*** Material provided ***
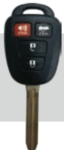
SSC Part #: 5941442 Button Function: L, U, T, P
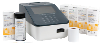
McKesson Consult™ Urinalysis
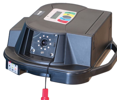
High resolution megapixel camera.
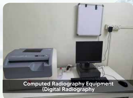
Computed Radiography Equipment (Digital Radiography)
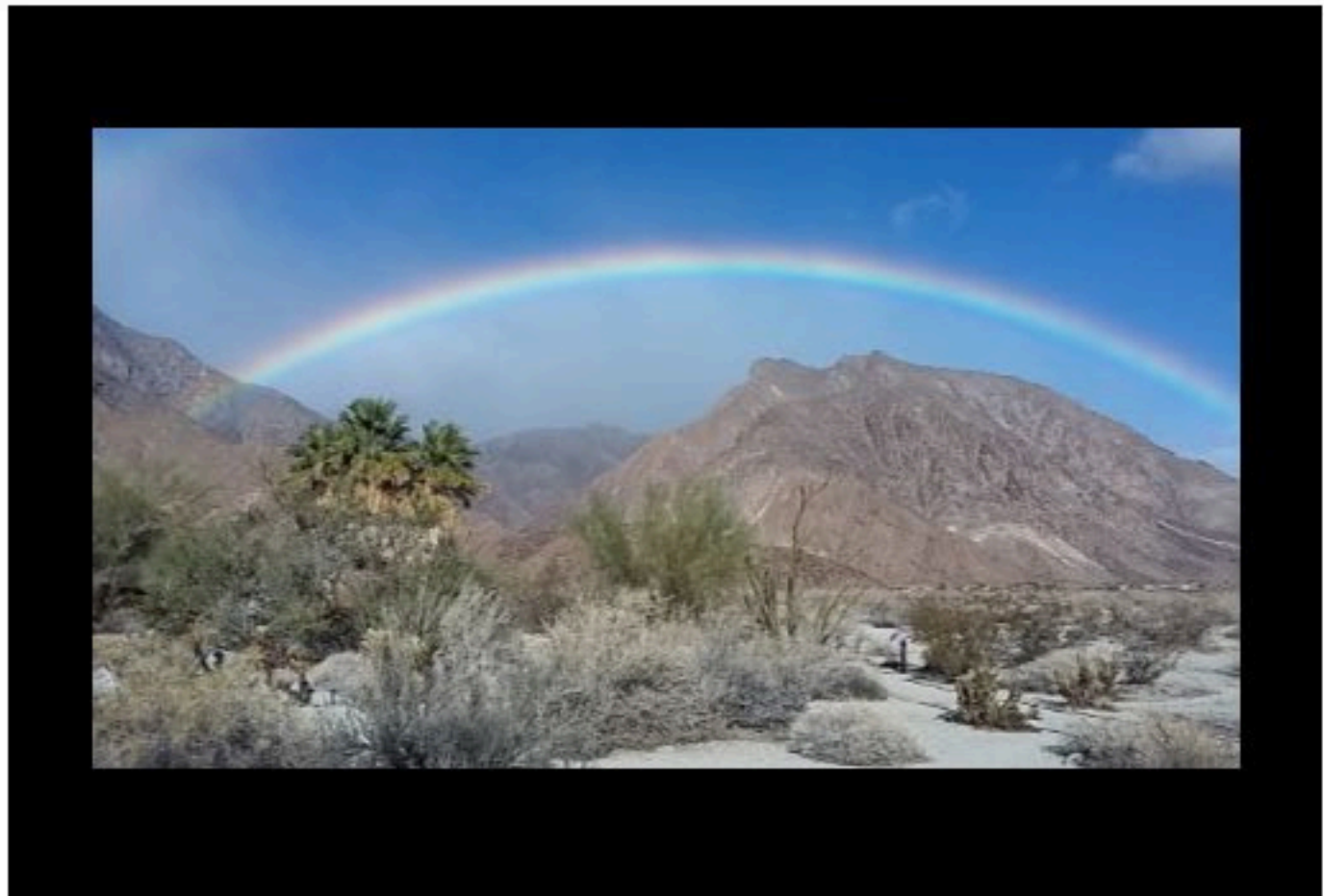
This is NOT OKAY! ↑ (black foam core)
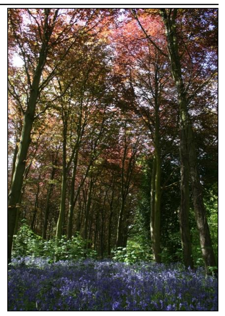
A bluebell wood of Copper Beech near Cambridge

Sports which flush royal purple, and fade to muddy green, are more numerous and can offer a piquant palette of colours as the season unfolds. These, too, can be vigorous trees: the champion Acer platanoides 'Schwedleri' at Darley Park in Derby had a girth of
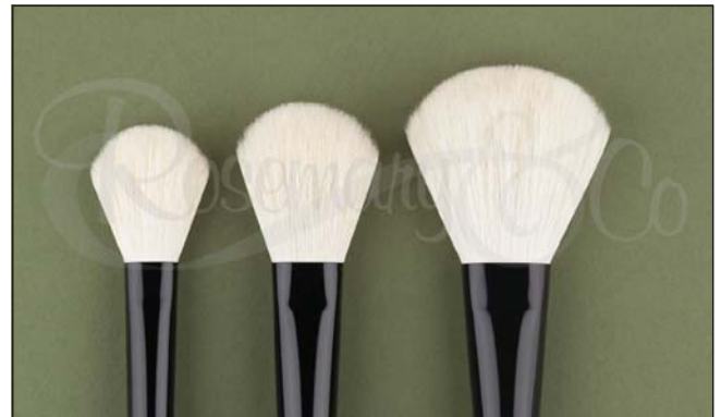
Series 107 Goat Hair Oval Mop
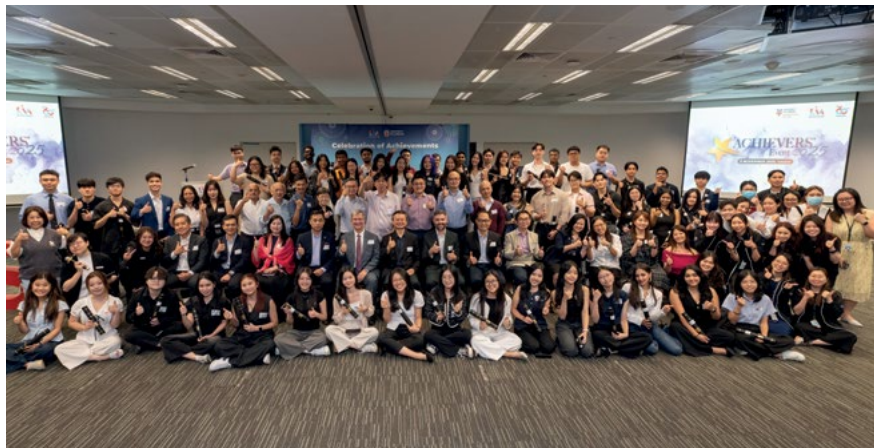
In 2025, the University of London awarded SIM students with 17 academic achievement awards, 54 commendations, and 26 were also recognised for topping the world in their modules.

In recognition of this longstanding collaboration, SIM has been awarded the University of London International Partner status in 2025, affirming its commitment to providing education in Singapore for 40 years since 1986.
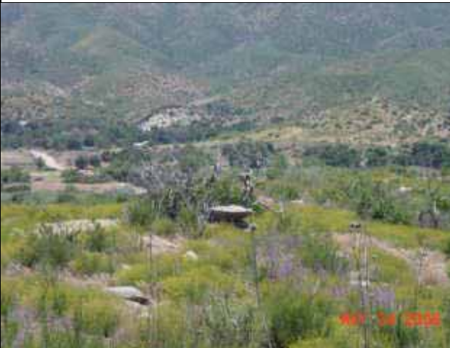
Variation in plant species, color and structure provides visual contrast. Dirt road cuts contrasts moderately with adjacent non-disturbed areas in color and texture.
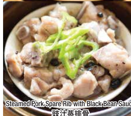
Steamed Pork Spare Rib with Black Bean Sauce 豉汁蒸排骨
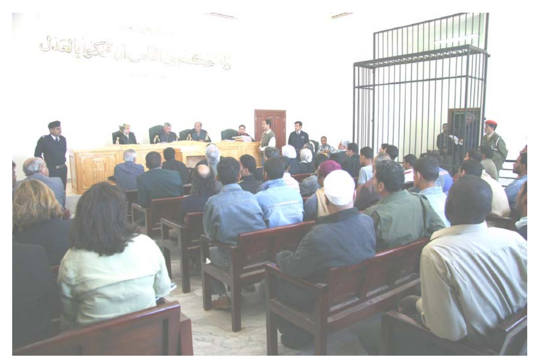
In January 2005, the General People's Congress abolished Libya's extraordinary court, the People's Court, which had heard most political and security cases and was notorious for politically motivated judgments and biased trials. Cases under the court's review at the time of its closure were transferred to regular criminal courts, like this Court of Appeals in Benghazi.

"We couldn't even see the file in cases before the People's Court," one lawyer told Human Rights Watch. "The law didn't ban us, but it was the procedures of the authorities, which were arbitrary and depended on their mood."<sup>34</sup>
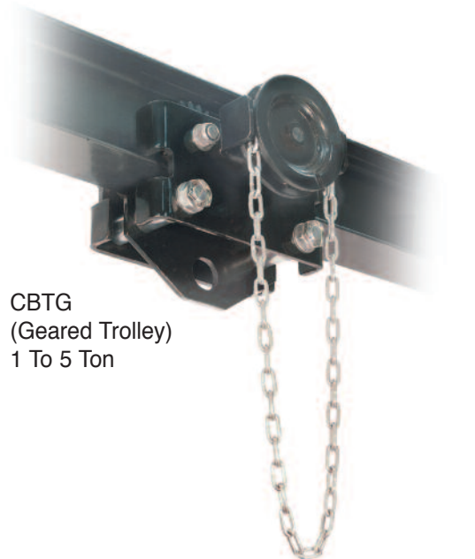
CBTG (Geared Trolley) 1 To 5 Ton
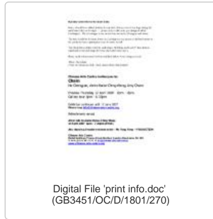
Digital File 'print info.doc' (GB3451/OC/D/1801/270)
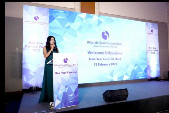
Utkarsh Small Finance Bank X ICICI Pru
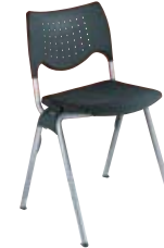
④ 4 leg chair
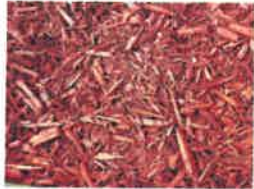
Orange-Gold Mulch (Spanish Gold)
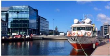
Cork City 2hr Scenic Harbour Tour
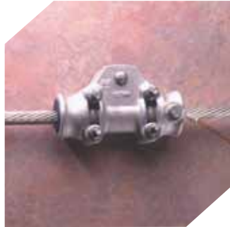
FIBERLIGN® Cushion Clamp for OPGW

Since 1998, the cushion concept has been field proven with the FIBERLIGN® Cushion Clamp for OPGW and the CUSHION-GRIP Clamp for T-2 conductors. Both of these PLP products have had broad industry usage and acceptance.
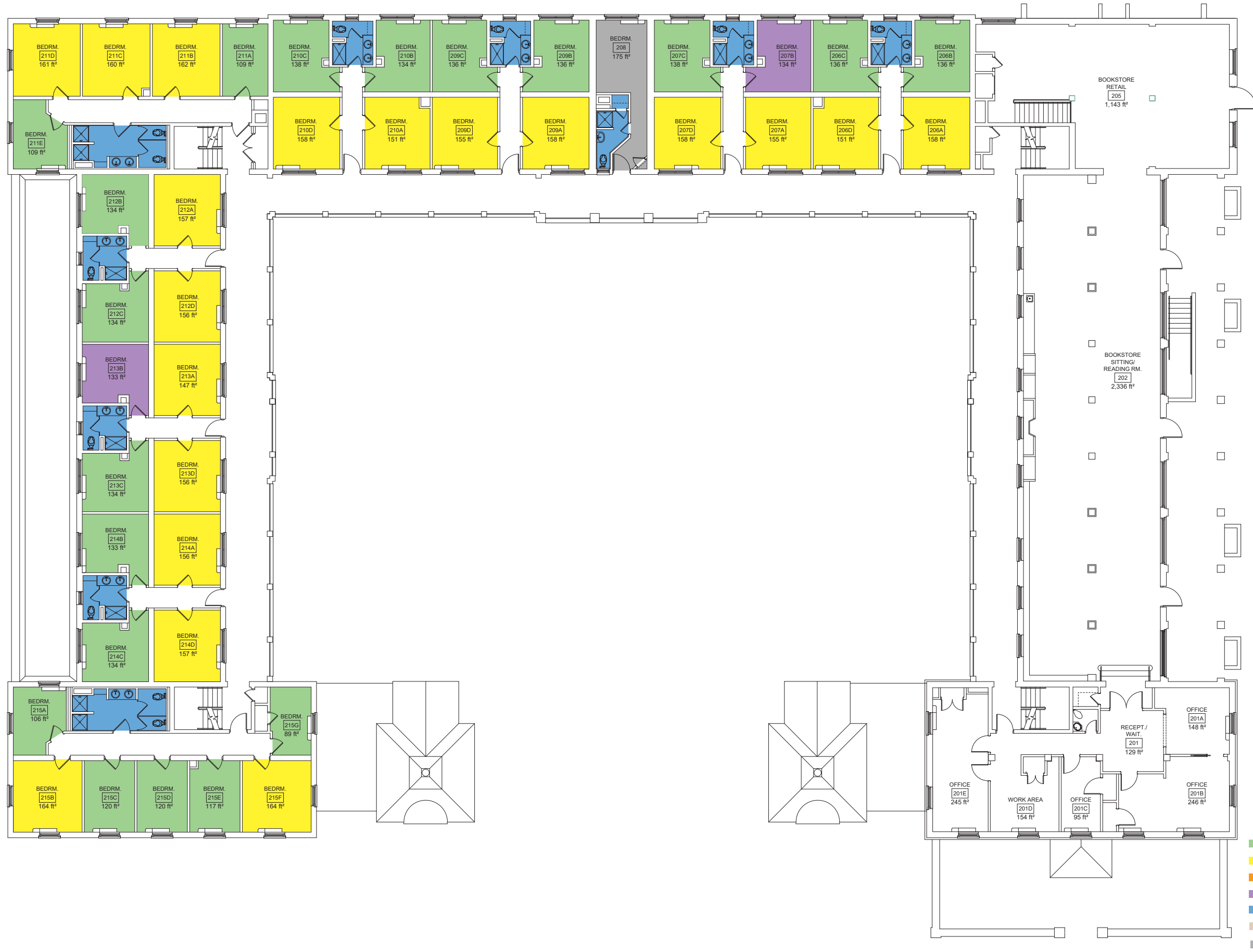
Taylor Residence Hall Second Floor Plan
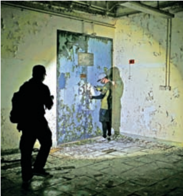
HK URBEX members, inspect the interior of an abandoned British army barracks in Hong Kong, China on 1 June, 2017.

HONG KONG — Atop Hong Kong’s tallest peak blanketed in clouds, three masked urban explorers step back in time as they slip through a wire mesh fence and march towards an abandoned army barracks from the British colonial era. Twenty years after Britain returned Hong Kong to Chinese rule, these young, alternative conservationists are eager to document the city’s remaining historical buildings. Some structures have been demolished over the decades to make room for development in one of the world’s most expensive
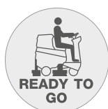
"Ready to go" function
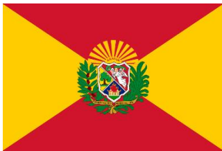
The Flag of Argua State
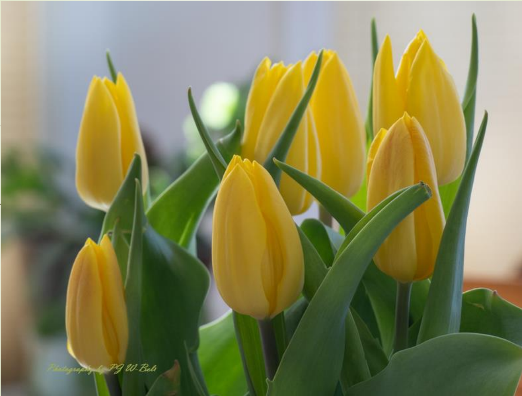
415-PJ - HOOT
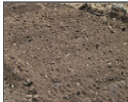
After Multi Rake use
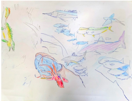
Nathan Goolet Sea Menagerie , 2019 Pencil on paper 42h x 60w cm RI-NG001 A$ 250.00
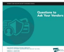
Questions to Ask your Vendors
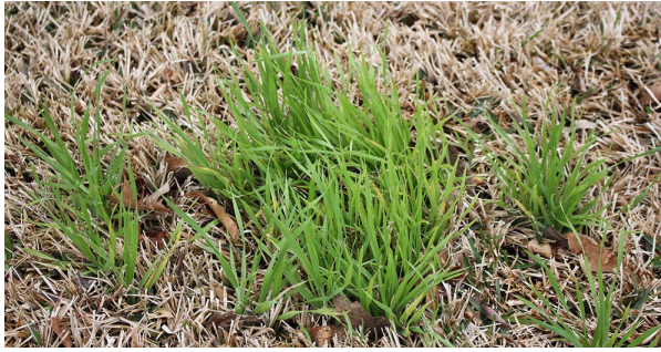
Rescuegrass Bromus catharticus Vahl
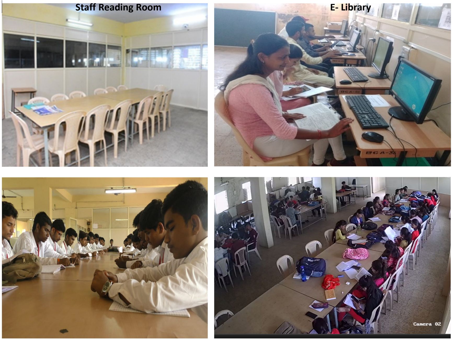
Boys Reading Room
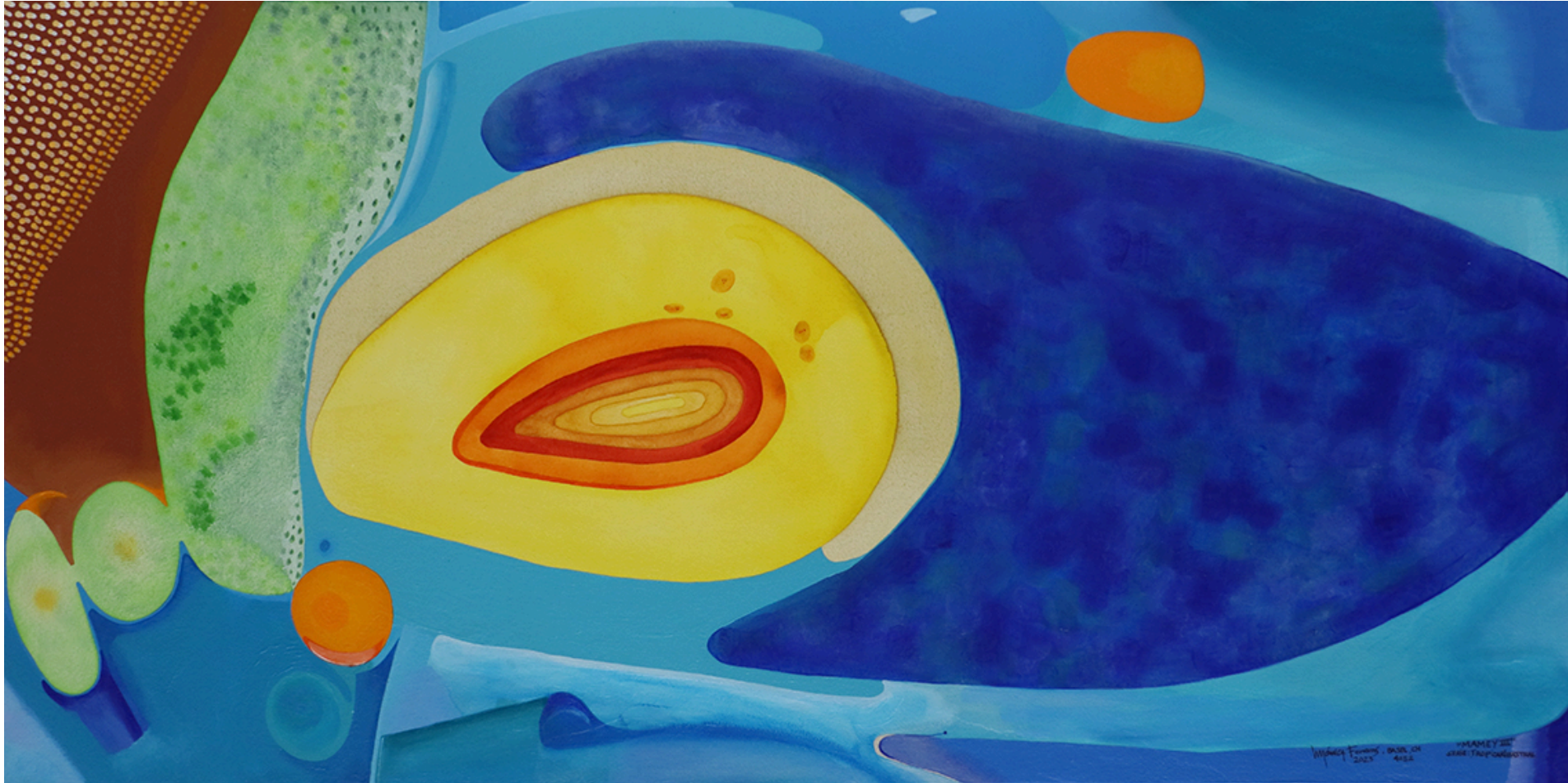
Mamey III. Serie: Tropicaribastral, 40 x 80 cm, mixed media on wood, 2023
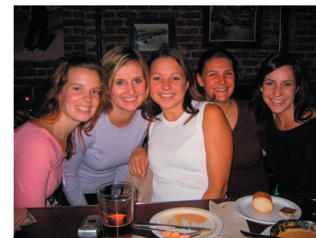
DG Alumnae Happy Hour at ChaChaCha

Panhellenic Badge Day is March 6. As one of the National Panhellenic Conference's seven founding fraternities, Delta Gamma holds an important place in the history of women's fraternities. This year's theme is "Remember Your Pledge of Loyalty... Wear Your Badge with Pride." I challenge you all to wear your badge or letters. Delta Gammas are our neighbors and co-workers. They are women we pass on the sidewalk everyday. Wear your badge and meet a new DG. You never know who might be your sister!
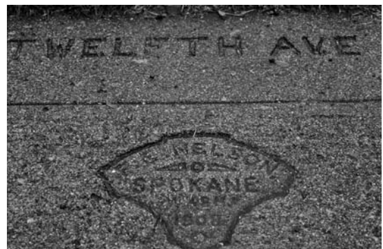
FIGURE 6. “F. E. Nelson Spokane, Wash. 1908”—An example of old concrete pavement with no maintenance in 100 years.

Concrete surfaces are lighter colored, which makes them reflect solar radiation rather than absorb it, and results in mitigating for urban heat island effect. Concrete, both conventional and pervious, uses post-industrial and post-consumer recycled materials such as fly ash, granulated ground blast furnace slag, and recycled concrete aggregates. Pervious concrete may help qualify a project for LEED points in the areas of stormwater management and urban heat island effect, and will result in a lighter surface at night with less applied lighting.
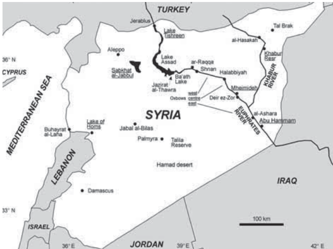
Figure 1. Map showing the position of Sabkhat al-Jabbul within Syria.

that the populations of wintering and breeding birds have increased over the last 10 years. Since 1991, when the sabkhat became officially protected under Syrian law, a number of uncoordinated conservation measures have been taken. However, these seem to be largely inadequate in view of the increasing threats facing the sabkhat that would severely compromise its value for wildlife and seriously impact on the livelihoods of the surrounding villages.
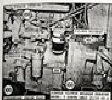
Fig. 29 - Left-Hand Side View of Diesel Engine
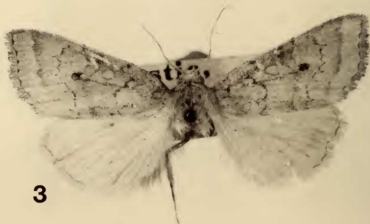
FIG. 3. Spartiniphaga inops , ♂, Mystic, New London Co., Conn., 1 Sept. 1925, leg. H. P. Wilhelm (YPM).

Male genitalia. Illustrated in Figs. 4a and 4b. Differences from S. inops (Figs. 5a, 5b) are listed in Table 1. The easiest characters for practical use are the size and shape of
***
Without carrying over any picture, retype the records above word for word.

▶ [Result of this task]:
SSC Part #: 5941442 Button Function: L, U, T, P
McKesson Consult™ Urinalysis
High resolution megapixel camera.
Computed Radiography Equipment (Digital Radiography)
This is NOT OKAY! ↑ (black foam core)
A bluebell wood of Copper Beech near Cambridge

Sports which flush royal purple, and fade to muddy green, are more numerous and can offer a piquant palette of colours as the season unfolds. These, too, can be vigorous trees: the champion Acer platanoides 'Schwedleri' at Darley Park in Derby had a girth of
Series 107 Goat Hair Oval Mop
In 2025, the University of London awarded SIM students with 17 academic achievement awards, 54 commendations, and 26 were also recognised for topping the world in their modules.

In recognition of this longstanding collaboration, SIM has been awarded the University of London International Partner status in 2025, affirming its commitment to providing education in Singapore for 40 years since 1986.
Variation in plant species, color and structure provides visual contrast. Dirt road cuts contrasts moderately with adjacent non-disturbed areas in color and texture.
Steamed Pork Spare Rib with Black Bean Sauce 豉汁蒸排骨
In January 2005, the General People's Congress abolished Libya's extraordinary court, the People's Court, which had heard most political and security cases and was notorious for politically motivated judgments and biased trials. Cases under the court's review at the time of its closure were transferred to regular criminal courts, like this Court of Appeals in Benghazi.

"We couldn't even see the file in cases before the People's Court," one lawyer told Human Rights Watch. "The law didn't ban us, but it was the procedures of the authorities, which were arbitrary and depended on their mood."<sup>34</sup>
CBTG (Geared Trolley) 1 To 5 Ton
Digital File 'print info.doc' (GB3451/OC/D/1801/270)
Utkarsh Small Finance Bank X ICICI Pru
④ 4 leg chair
Orange-Gold Mulch (Spanish Gold)
Cork City 2hr Scenic Harbour Tour
FIBERLIGN® Cushion Clamp for OPGW

Since 1998, the cushion concept has been field proven with the FIBERLIGN® Cushion Clamp for OPGW and the CUSHION-GRIP Clamp for T-2 conductors. Both of these PLP products have had broad industry usage and acceptance.
Taylor Residence Hall Second Floor Plan
HK URBEX members, inspect the interior of an abandoned British army barracks in Hong Kong, China on 1 June, 2017.

HONG KONG — Atop Hong Kong’s tallest peak blanketed in clouds, three masked urban explorers step back in time as they slip through a wire mesh fence and march towards an abandoned army barracks from the British colonial era. Twenty years after Britain returned Hong Kong to Chinese rule, these young, alternative conservationists are eager to document the city’s remaining historical buildings. Some structures have been demolished over the decades to make room for development in one of the world’s most expensive
"Ready to go" function
The Flag of Argua State
415-PJ - HOOT
After Multi Rake use
Nathan Goolet Sea Menagerie , 2019 Pencil on paper 42h x 60w cm RI-NG001 A$ 250.00
Questions to Ask your Vendors
Rescuegrass Bromus catharticus Vahl
Boys Reading Room
Mamey III. Serie: Tropicaribastral, 40 x 80 cm, mixed media on wood, 2023
DG Alumnae Happy Hour at ChaChaCha

Panhellenic Badge Day is March 6. As one of the National Panhellenic Conference's seven founding fraternities, Delta Gamma holds an important place in the history of women's fraternities. This year's theme is "Remember Your Pledge of Loyalty... Wear Your Badge with Pride." I challenge you all to wear your badge or letters. Delta Gammas are our neighbors and co-workers. They are women we pass on the sidewalk everyday. Wear your badge and meet a new DG. You never know who might be your sister!
FIGURE 6. “F. E. Nelson Spokane, Wash. 1908”—An example of old concrete pavement with no maintenance in 100 years.

Concrete surfaces are lighter colored, which makes them reflect solar radiation rather than absorb it, and results in mitigating for urban heat island effect. Concrete, both conventional and pervious, uses post-industrial and post-consumer recycled materials such as fly ash, granulated ground blast furnace slag, and recycled concrete aggregates. Pervious concrete may help qualify a project for LEED points in the areas of stormwater management and urban heat island effect, and will result in a lighter surface at night with less applied lighting.
Figure 1. Map showing the position of Sabkhat al-Jabbul within Syria.

that the populations of wintering and breeding birds have increased over the last 10 years. Since 1991, when the sabkhat became officially protected under Syrian law, a number of uncoordinated conservation measures have been taken. However, these seem to be largely inadequate in view of the increasing threats facing the sabkhat that would severely compromise its value for wildlife and seriously impact on the livelihoods of the surrounding villages.
Fig. 29 - Left-Hand Side View of Diesel Engine
FIG. 3. Spartiniphaga inops , ♂, Mystic, New London Co., Conn., 1 Sept. 1925, leg. H. P. Wilhelm (YPM).

Male genitalia. Illustrated in Figs. 4a and 4b. Differences from S. inops (Figs. 5a, 5b) are listed in Table 1. The easiest characters for practical use are the size and shape of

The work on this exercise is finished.